Problem - Omitting all images, set down every line below exactly as it appears.

Source records -

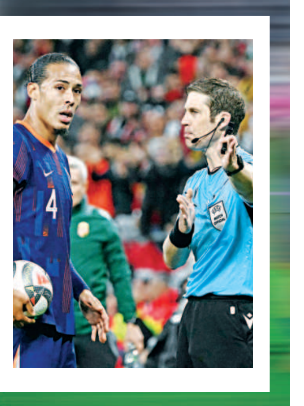
While Germany were boosted by a first-half brace from Deniz Undav in their 2-1 win against Bosnia and Herzegovina in Zenica on Friday, the Netherlands were pegged back by the sending off of skipper Virgil van Dijk (L) during their 1-1 draw in the Nations League. Florian Wirtz laid on a backheel for Undav's opener in the 30th minute before the Stuttgart forward made it two just six minutes later. The Netherlands will next go to Germany, who now remain one win away from the Nations League quarters, without their captain in a game that could see the Dutch rise to the top of the pool, or conversely, be cut five points adrift with two games to play.
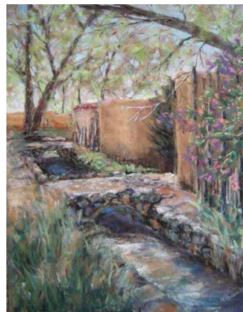
Mary Poweell, Mother Ditch Featured in the exhibition “Water, Water, Everywhere.”

To reach us From Santa Fe take U.S. 285/84 approximately 30 miles to truck route 285/84 (San Pedro Plaza will be on the left). Make a left at the stop light and travel across the Rio Grande River to NM 30. Bear right on NM 30. Make a left at the second traffic light to the Plaza de Española.
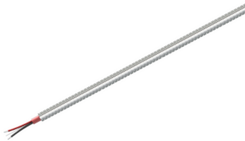
HEAVY DUTY ARMOR JACKETED
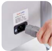
IEC power cable into the mains.
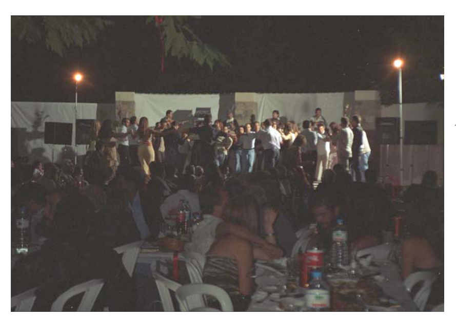
A marriage glénti in an open-air kéntro in Anógeia, September, 2006.

During the 1970s, most of the weddings or baptismal gléntia were transformed from village squares to special permanent or seasonal commercial centers of entertainment, kéntra (sing. kéntro ). These were built first in the urbanizing centers after the Second World War, and from the 1970s onward throughout the whole island, inspired by the (politically launched) wave of interest in the endemic musical tradition (Kapsoménos 1987:15).
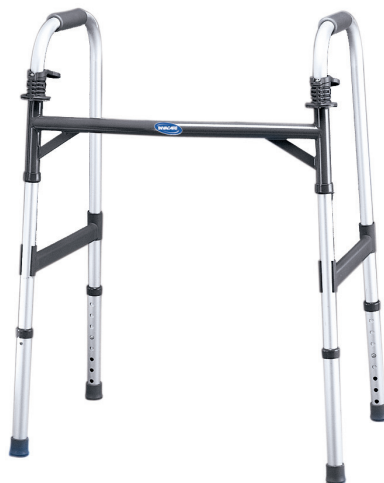
6291-HDA: Heavy-Duty Dual-Release Adult Walker
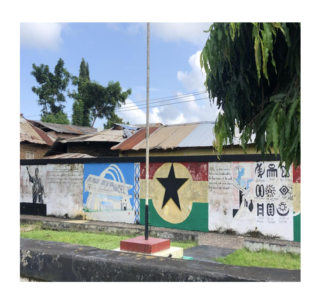
Kwame Nkrumah's house in Nkroful, Ghana
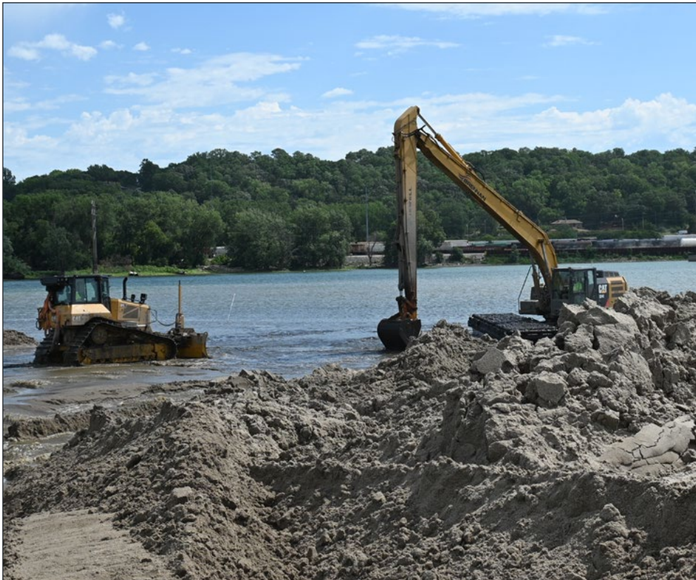
Construction operations at Pigs Eye Lake, near St. Paul, Minnesota, July 19.
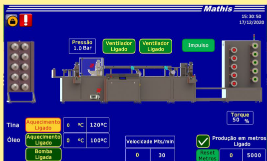
Touch Screen controller Option to activate half of up-winders only

* Material for rollers/cylinders defined on demand
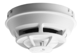
Model OH921 Multi-Criteria Fire Detector

Each Model OH921 detector provides three (3) pre-programmed parameter sets that can be selected by the FACP.
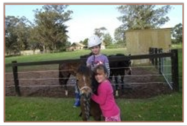
Everybody loves the new pony Bubbles. Black Pirate in the background says "everybody get back to work, that's the only way we get any cuddles around here"
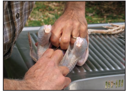
Insert two fingers from either direction.

Please note that the pressure exerted on the intestinal tract at this point can cause what I call a “poop attack,” the forcing out of some residual fecal material from the cloaca. A poop attack is likely to happen only if the bird was not properly starved in preparation for slaughter, but you can guard against it any time by hanging the vent end of the bird over a drain when you pull open the carcass. If there is an expulsion, rinse
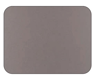
AD-84 | Rose Metallic
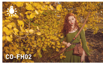
Normal daylight setting

Offering a brightness of 3,000 lumens and a Full HD resolution, the CO-FH02 allows clear and vivid presentations. Complemented by a large and flexible screen size display when projected, users can immerse themselves in the full experience of the CO-FH02.

Answer to this exercise -
While Germany were boosted by a first-half brace from Deniz Undav in their 2-1 win against Bosnia and Herzegovina in Zenica on Friday, the Netherlands were pegged back by the sending off of skipper Virgil van Dijk (L) during their 1-1 draw in the Nations League. Florian Wirtz laid on a backheel for Undav's opener in the 30th minute before the Stuttgart forward made it two just six minutes later. The Netherlands will next go to Germany, who now remain one win away from the Nations League quarters, without their captain in a game that could see the Dutch rise to the top of the pool, or conversely, be cut five points adrift with two games to play.
Mary Poweell, Mother Ditch Featured in the exhibition “Water, Water, Everywhere.”

To reach us From Santa Fe take U.S. 285/84 approximately 30 miles to truck route 285/84 (San Pedro Plaza will be on the left). Make a left at the stop light and travel across the Rio Grande River to NM 30. Bear right on NM 30. Make a left at the second traffic light to the Plaza de Española.
HEAVY DUTY ARMOR JACKETED
IEC power cable into the mains.
A marriage glénti in an open-air kéntro in Anógeia, September, 2006.

During the 1970s, most of the weddings or baptismal gléntia were transformed from village squares to special permanent or seasonal commercial centers of entertainment, kéntra (sing. kéntro ). These were built first in the urbanizing centers after the Second World War, and from the 1970s onward throughout the whole island, inspired by the (politically launched) wave of interest in the endemic musical tradition (Kapsoménos 1987:15).
6291-HDA: Heavy-Duty Dual-Release Adult Walker
Kwame Nkrumah's house in Nkroful, Ghana
Construction operations at Pigs Eye Lake, near St. Paul, Minnesota, July 19.
Touch Screen controller Option to activate half of up-winders only

* Material for rollers/cylinders defined on demand
Model OH921 Multi-Criteria Fire Detector

Each Model OH921 detector provides three (3) pre-programmed parameter sets that can be selected by the FACP.
Everybody loves the new pony Bubbles. Black Pirate in the background says "everybody get back to work, that's the only way we get any cuddles around here"
Insert two fingers from either direction.

Please note that the pressure exerted on the intestinal tract at this point can cause what I call a “poop attack,” the forcing out of some residual fecal material from the cloaca. A poop attack is likely to happen only if the bird was not properly starved in preparation for slaughter, but you can guard against it any time by hanging the vent end of the bird over a drain when you pull open the carcass. If there is an expulsion, rinse
AD-84 | Rose Metallic
Normal daylight setting

Offering a brightness of 3,000 lumens and a Full HD resolution, the CO-FH02 allows clear and vivid presentations. Complemented by a large and flexible screen size display when projected, users can immerse themselves in the full experience of the CO-FH02.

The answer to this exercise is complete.